Table 3 Ordered probit regressions with different measures as dependent variable

In specifications [5] and [6], we only consider subjects with inconsistent choice patterns in CL and find that a rather different picture emerges: None of the before mentioned variables can explain time preferences of these subjects while there is a marginally significant and positive female-effect in TIE, but not in CL.Footnote 10, Footnote 11 The fact that our control variables perform equally (badly) when predicting the behavior of these subjects in both tasks reveals a remarkable similarity of both measures. It is reassuring, however, that, while we cannot establish well-known determinants of patience as predictors within our inconsistent sample, including these subjects in the whole sample renders all effects of the consistent subsample identical in sign and significance.

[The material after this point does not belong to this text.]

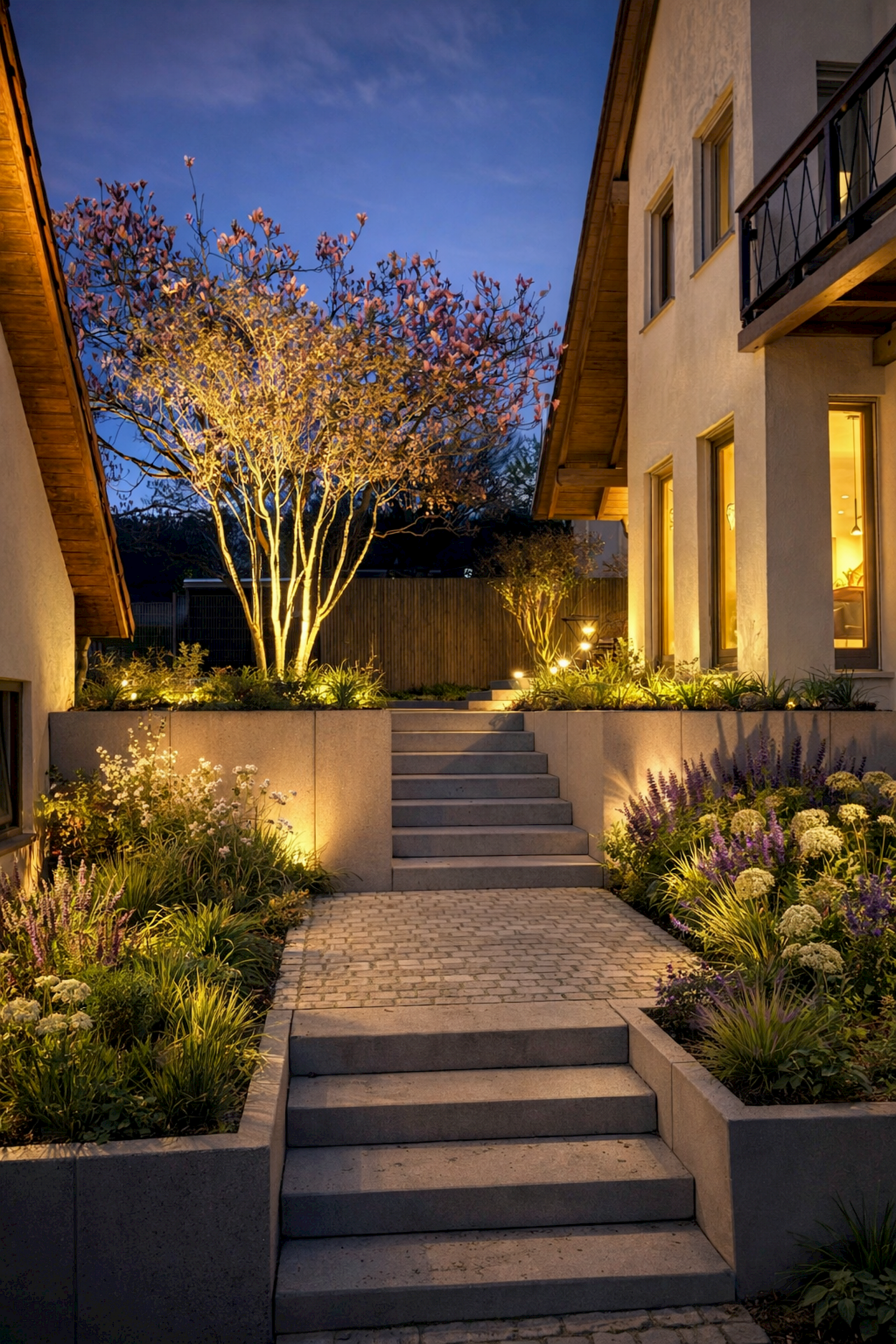 Beleuchtete Wege, Treppen und Eingangsbereiche erhöhen die Orientierung und reduzieren Unfallrisiken. Gleichzeitig trägt Licht zur Sicherheit rund um das Haus bei.

To examine whether there are any significant differences in the determinants of patience for the two measures, we ran additional regressions with two observations per subject and with the interactions of method and control variables as independent variables (see Online Resource Table A4). These regressions test whether the estimated coefficients in Table 3 between columns 1 and 2 (the whole sample), between columns 3 and 4 (the subsample of subjects making consistent choices), and between columns 5 and 6 (the subsample of subjects making inconsistent choices) are statistically different from each other. Table A4 shows that neither the method indicator variable (TIE) nor the interaction terms (TIE*age, TIE*female, TIE*risk-taking propensity or TIE*relative IQ) are significant (p > 0.1 in all cases), using either the whole population or the subsample of subjects making consistent choices. For these subsamples, the post-estimation Wald tests show that the levels of patience generally do not differ significantly between TIE and CL within each age group among both genders (the only weakly significant exceptions are the youngest two female age cohorts in column 2 where 0.05 < p < 0.1). Thus, we cannot reject the null hypotheses that the determinants of patience for CL and TIE are the same for the variables we collected. For the subjects making inconsistent choices in CL, however, we find significant differences between the level of patience in TIE and CL in most comparisons (see the post-estimation Wald tests beneath specification [3]).

4 Conclusion

In this paper, we have compared two methods that can be used to measure time preferences. The methods have been applied to let children make intertemporal choices. One of the methods we used is a standard choice list task where children have to make multiple choices, of which one is randomly selected for payment. The other method requires a single choice how much of an endowment to invest into the future. We have found that both methods yield very similar results—on the aggregate and on the individual level—and that behavior under both methods is basically explained by the same factors. This is particularly true for male participants.

We see one straightforward extension of this research: Both the CL and the TIE can be easily augmented to discriminate between discounting (σ) and present bias (β). A “horse race” between the predictive power of σ and β as measured by CL and TIE would, therefore, be very useful to investigate whether TIE would also be a convenient device for measuring these dimensions.